First of all. I am now able to connect eduroam with my N900. It works. 

The cause of mixup was: In all the eduroam configuration guides, you need to
choose CA certificate (for example in: http://www.eduroam.no/klient/nokia.html
)
But in N900 all root certificates works (I assume) without selecting the one
needed.

The real problem for me was that in EAP PEAP MSCHAPv2 you need to define user
name twice (username is also in advanced settings and there was a mismatch in
my case...)

So I can verify that eduroam works with N900 and Maemo 5.0.

Kiitos ja anteeksi :-)

T:Janne

Comment 8 Janne Ylälehto 2009-12-07 09:48:58 UTC

(In reply to comment #7)
> (In reply to comment #6)
> > > Hi, sorry for long delay.
> > > I dont get any output from the command.
> > 
> > That's OK. This means then that you do not have a client certificate installed
> > (for Wifi-purpose anyway), and hence it's perfectly natural that the WLAN
> > Connection setup shows you an empty list of client certificates to choose from.
> > 
> > So the question is, is there some variation of the PEAP/MSCHAPv2 authentication
> > that's supposed to work without client certificates. I don't know, maybe Janne
> > does. But if the access point requires a client certificate, than you must have
> > one in order to get authenticated.

Confirming that both ways can be used, with and without client certificate.
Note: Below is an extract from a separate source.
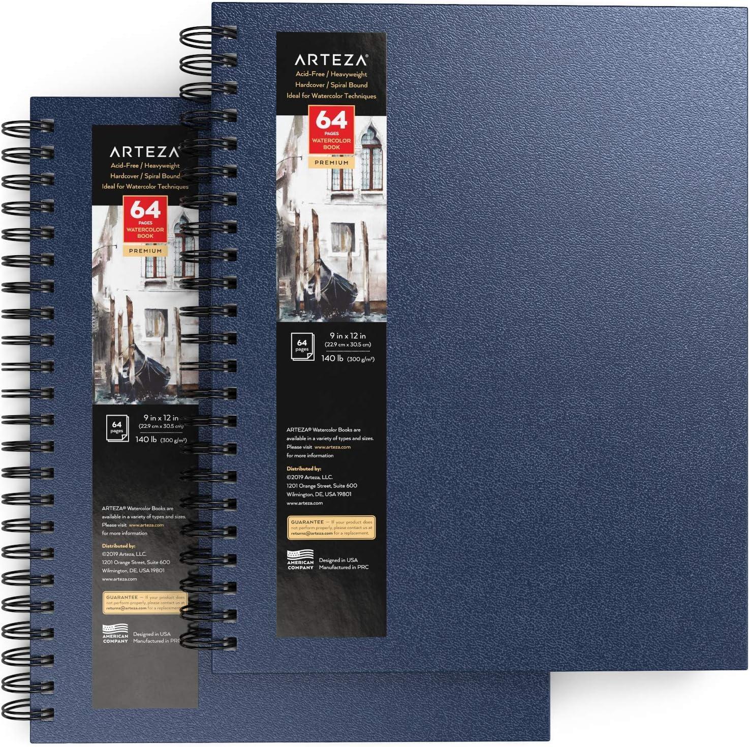 - Two Spiral-Bound Watercolor Pads. Includes two hardcover sketchbooks with 64 sheets of 140 lb watercolor paper each. Spiral binding allows pages to lie flat for easy painting and sketching.

> But in N900 all root certificates works (I assume) without selecting the one
> needed.

Yes, we thought that is more user friendly :)

>> So I can verify that eduroam works with N900 and Maemo 5.0.
> Kiitos ja anteeksi :-)
> T:Janne

No problem. Good that you can use it now.

Br, Janne Y.

Comment 9 Andre Klapper 2010-06-28 10:24:24 UTC

Closing as WORKSFORME as per last comments.

i have the exact same issue. i have a certificate installed. put all options
for my WLAN. i have to choose a certificate and i get nothing in the list.

i checked if it is in the certificate manager it appears but not listed.

i tried the command posted here and i got nothing. This is definitely a bug!